It’s said that ignorance is bliss. Whoever said that clearly never lived in a foreign country because ignorance as an expat is a downright, infuriating, maddening and frustrating thing.
I don’t even mean my own ignorance (which is itself, sizable), I mean the ridiculous stuff you are often asked as a foreigner in Japan.
I should make this a touch more polite really. Let’s say, daft questions and comments. As while these inquiries are never ill intentioned, they are rather silly to ask nonetheless. For a while I thought this to be something only the Japanese really did in any great measure:
“Wow, you’re really good at using chopsticks!”
I live here, did you envisage me skewering sushi with a fork? Perhaps a spear? Gobbling it down, nose on the plate, one deep breath away from a head full of wasabi?
“Are you a foreigner?”
No, no, I’m just a remarkably pasty Japanese person who happens to be half a foot taller than everyone in this supermarket.
“Can you read katakana?”
Noooo, not at all. You caught me, I was merely pretending to read the menu. I just guessed that this place would have coffee and being the improv star I am, I just figured I’d make use of the prop to hand. Ta da…
The first and third comments are pretty common and I don’t take offence, mostly they just result in a slightly confused look across my brow, a raised eyebrow here or there. The second was from a rather rude old man in a supermarket car park. However, with my grandfather having come from Barnsley, that question would be considered to be the height of subtlety back in my house.
I honestly felt before that no one could really top this kind of foolish questioning.
Oh Europe, how you have let me down…
The Guardian’s Paolo Bandini offered this gem from Italy’s Serie A as his personal award for Worst Investigative Journalism in his round-up of the season, when Yuto Nagatomo, who after moving to Italy last summer to join Cesena and then swiftly transferring to Inter Milan in January, was asked by one particularly dumb journalist, “Do you like football?”
One stupid football journalist I can forgive, lord knows we tolerate more than that anyway.

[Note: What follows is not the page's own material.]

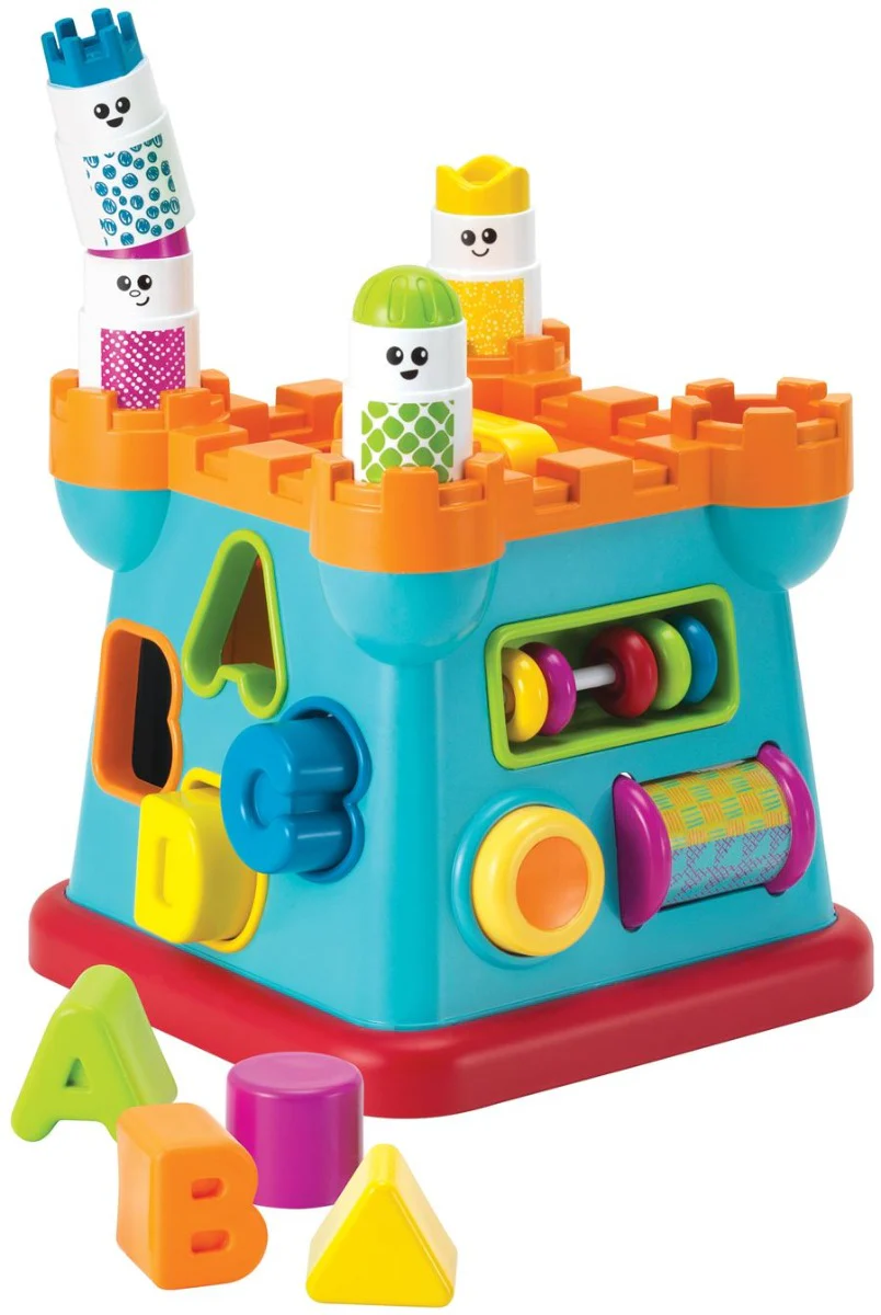 Laissez votre enfant découvrir le plaisir de ce jouet coloré en forme de château à trier ! Les murs du château sont décorés de découpes représentant différentes formes, chiffres et lettres, ce qui permet d’enseigner la reconnaissance des formes et de développer la motricité. Le château de tri est doté d’accessoires amusants tels qu’un bouton qui émet un son, un rouleau coloré et des cloches qui se déplacent d’un côté à l’autre. Votre enfant peut compter les chiffres en plaçant les briques dans les bonnes cases, et empiler les chiffres au sommet du château pour relever un nouveau défi. Retournez le château pour vous amuser encore plus !

Then I read the end of season Bundesliga round up courtesy of one Raphael Honigstein. When Shinji Kagawa has been one of the stars of the season, despite only playing half of it due to a broken foot, I don’t expect to read that he is deemed a problem by the tabloid Bild because of the following dilemma,
“How the hell are we supposed to tell him apart from [Schalke’s Japanese player] Atsuto Uchida?”
I await the British tabloid response when Ryo Miyaichi makes his debut for Arsenal.